### WHAT TO DO:
The part below that opens with the line containing "Cay as a Bollywood Princess." and closes with the line containing "Housing screw connection, socket, for" should be copied exactly, minus any pictures.

======== EXCERPTED RECORDS

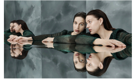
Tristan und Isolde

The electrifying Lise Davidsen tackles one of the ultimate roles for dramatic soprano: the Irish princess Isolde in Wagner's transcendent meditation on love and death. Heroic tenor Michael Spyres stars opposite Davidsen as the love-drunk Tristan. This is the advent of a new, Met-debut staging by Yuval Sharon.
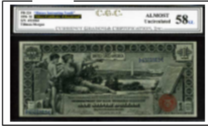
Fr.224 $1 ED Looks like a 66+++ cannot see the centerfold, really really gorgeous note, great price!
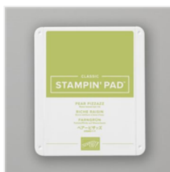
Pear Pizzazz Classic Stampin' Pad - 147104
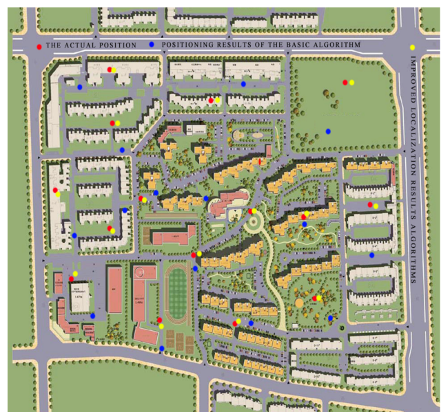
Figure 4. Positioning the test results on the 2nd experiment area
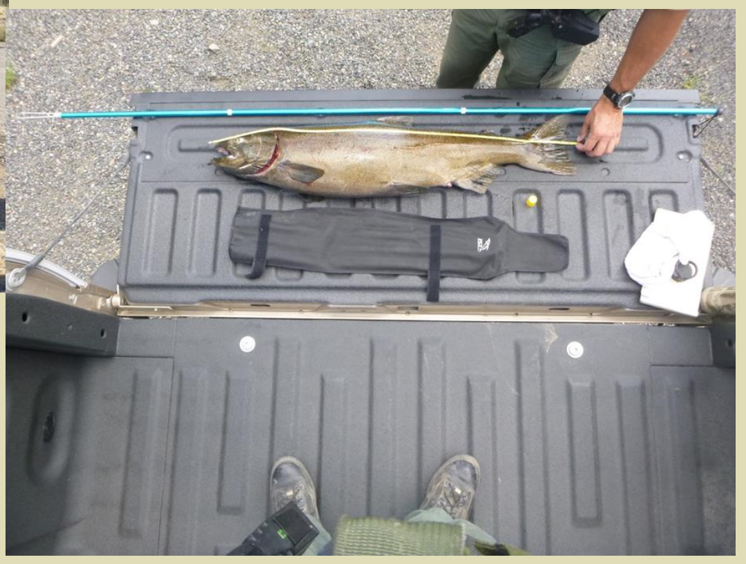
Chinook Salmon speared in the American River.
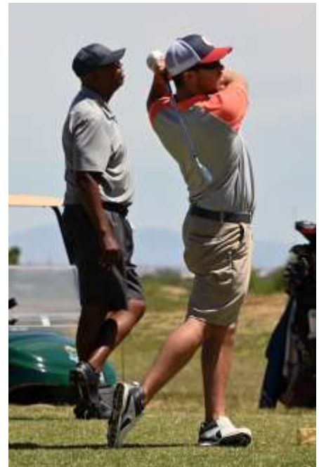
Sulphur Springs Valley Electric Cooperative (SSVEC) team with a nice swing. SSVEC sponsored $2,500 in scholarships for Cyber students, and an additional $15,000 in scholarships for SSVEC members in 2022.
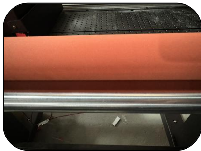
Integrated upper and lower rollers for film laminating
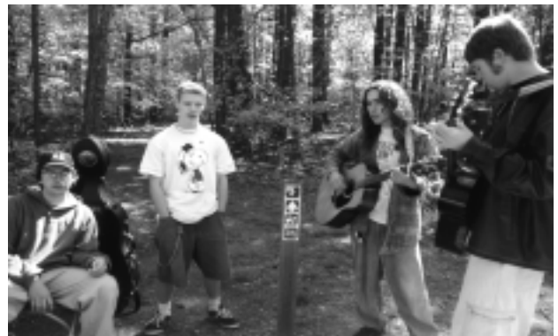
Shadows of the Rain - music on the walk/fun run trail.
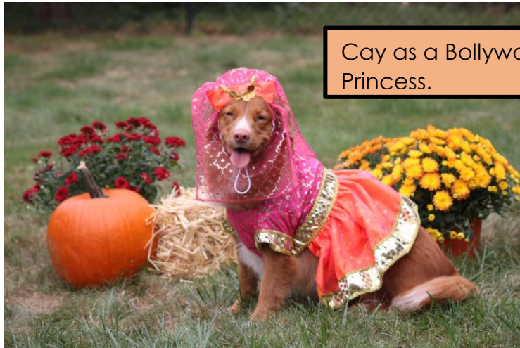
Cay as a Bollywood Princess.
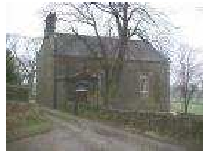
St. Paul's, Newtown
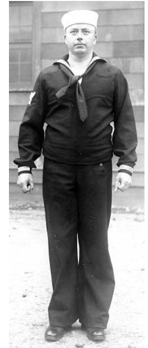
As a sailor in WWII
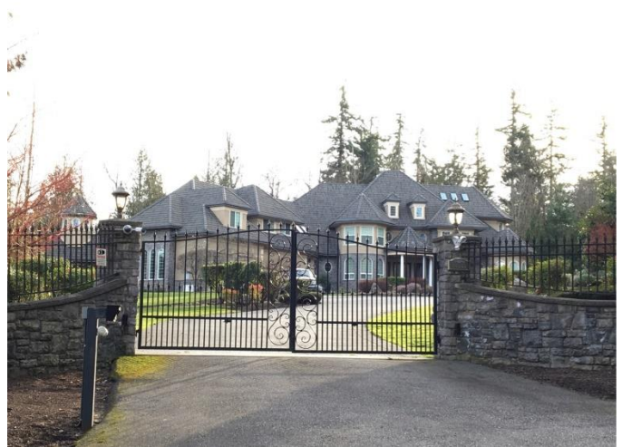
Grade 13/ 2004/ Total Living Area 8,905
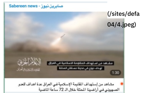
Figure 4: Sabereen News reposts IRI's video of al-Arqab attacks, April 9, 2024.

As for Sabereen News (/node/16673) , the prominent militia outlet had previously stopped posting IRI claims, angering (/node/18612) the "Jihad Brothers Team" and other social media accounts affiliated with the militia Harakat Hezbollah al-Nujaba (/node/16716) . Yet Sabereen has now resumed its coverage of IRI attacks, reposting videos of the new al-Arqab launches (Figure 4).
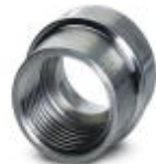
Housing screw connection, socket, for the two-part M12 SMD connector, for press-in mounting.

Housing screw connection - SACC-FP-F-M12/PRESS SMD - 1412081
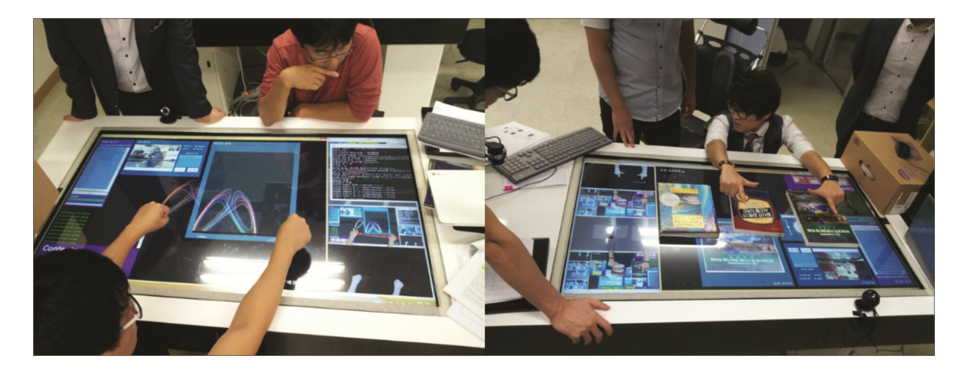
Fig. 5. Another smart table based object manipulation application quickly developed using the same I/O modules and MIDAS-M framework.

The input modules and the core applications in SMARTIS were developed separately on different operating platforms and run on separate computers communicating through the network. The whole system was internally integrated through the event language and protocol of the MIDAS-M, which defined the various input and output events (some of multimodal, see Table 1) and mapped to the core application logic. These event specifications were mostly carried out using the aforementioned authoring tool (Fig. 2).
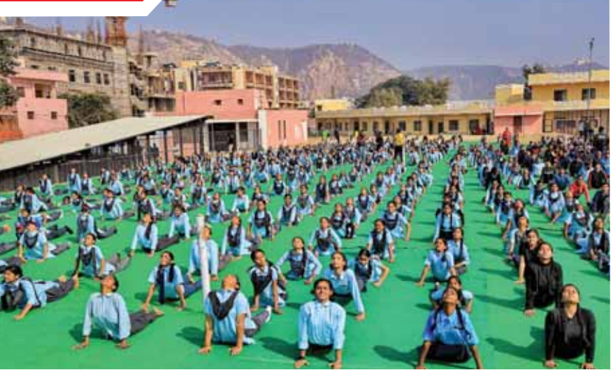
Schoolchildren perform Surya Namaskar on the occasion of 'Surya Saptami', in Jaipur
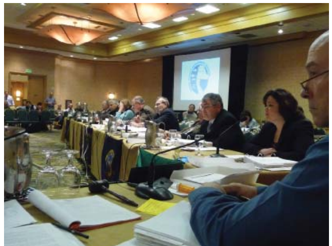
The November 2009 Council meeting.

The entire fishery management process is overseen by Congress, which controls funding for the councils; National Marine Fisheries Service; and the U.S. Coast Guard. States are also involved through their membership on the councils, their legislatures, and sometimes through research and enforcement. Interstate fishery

================

### COMPLETED TASK:
Cay as a Bollywood Princess.
St. Paul's, Newtown
As a sailor in WWII
Grade 13/ 2004/ Total Living Area 8,905
Figure 4: Sabereen News reposts IRI's video of al-Arqab attacks, April 9, 2024.

As for Sabereen News (/node/16673) , the prominent militia outlet had previously stopped posting IRI claims, angering (/node/18612) the "Jihad Brothers Team" and other social media accounts affiliated with the militia Harakat Hezbollah al-Nujaba (/node/16716) . Yet Sabereen has now resumed its coverage of IRI attacks, reposting videos of the new al-Arqab launches (Figure 4).
Housing screw connection, socket, for the two-part M12 SMD connector, for press-in mounting.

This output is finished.